Mientras decía aquello, se dio cuenta de que había cometido una equivocación. Ni siquiera sonreían. Y comprendió que la situación era desfavorable. Cada vez que Jurídica y Relaciones Públicas se reunían era de mal agüero.
Se sentaron.
—Hemos pensado —comenzó Snell con su más educada voz de R. P.— que si nos pusiéramos a discutir conjuntamente...
Hawkes lo interrumpió bruscamente, dirigiéndose a Spencer con tono acusador:
—Ha conseguido usted colocarnos en una posición sumamente embarazosa.
—Oh, sí, lo sé —dijo Spencer—. Enumeramos sus distintos elementos. Uno de mis hombres ha traído consigo a un ser humano del pasado. Un hombre ha muerto en mi oficina. He olvidado mostrarme cortés con un pretencioso que ha llegado a paso de carga para ayudarnos a dirigir nuestros asuntos.

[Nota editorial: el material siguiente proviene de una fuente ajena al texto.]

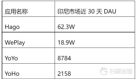 7 月 6 日,Hago 印尼的 DAU 为 59.3 W、WePlay 印尼的 DAU 为 30.4 W,但因为两者所处阶段不同,30 天平均 DAU 上,WePlay 数据因为快速增长,还是较低,大约在 Hago 的 30% 水平。
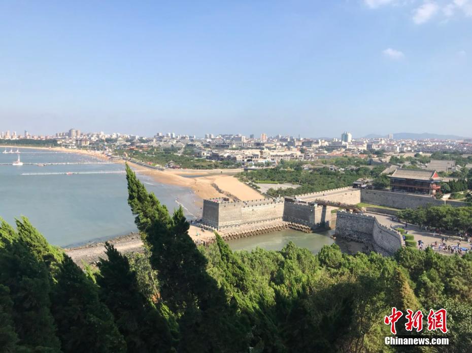 7月16日,記者探訪了山東省蓬萊市蓬萊閣。蓬萊閣是中國古代四大名樓之一,素有“人間仙境”之美譽。傳說曾有神仙出沒于此,秦始皇曾命人在此尋求“長生不老”之藥。蓬萊閣建于丹崖極頂,建筑凌空,海霧氤氳,居身其中,恍如身處仙境?!鞍讼蛇^?!钡膫髡f亦源于此地。在蓬萊閣主閣二層,登臨遠眺,蓬萊盡收眼底。中新網記者梁美辰 攝

—Me parece que se está tomando usted todo esto muy a la ligera —observó Garside.
—Es posible. Vayamos pues un poco más lejos. Todo esto me importa un rábano. No podemos permitir a un grupo cualquiera que presione para la formulación de la doctrina de la empresa.
—Por supuesto, se está refiriendo usted en este momento al asunto Ravenholt —dijo Garside.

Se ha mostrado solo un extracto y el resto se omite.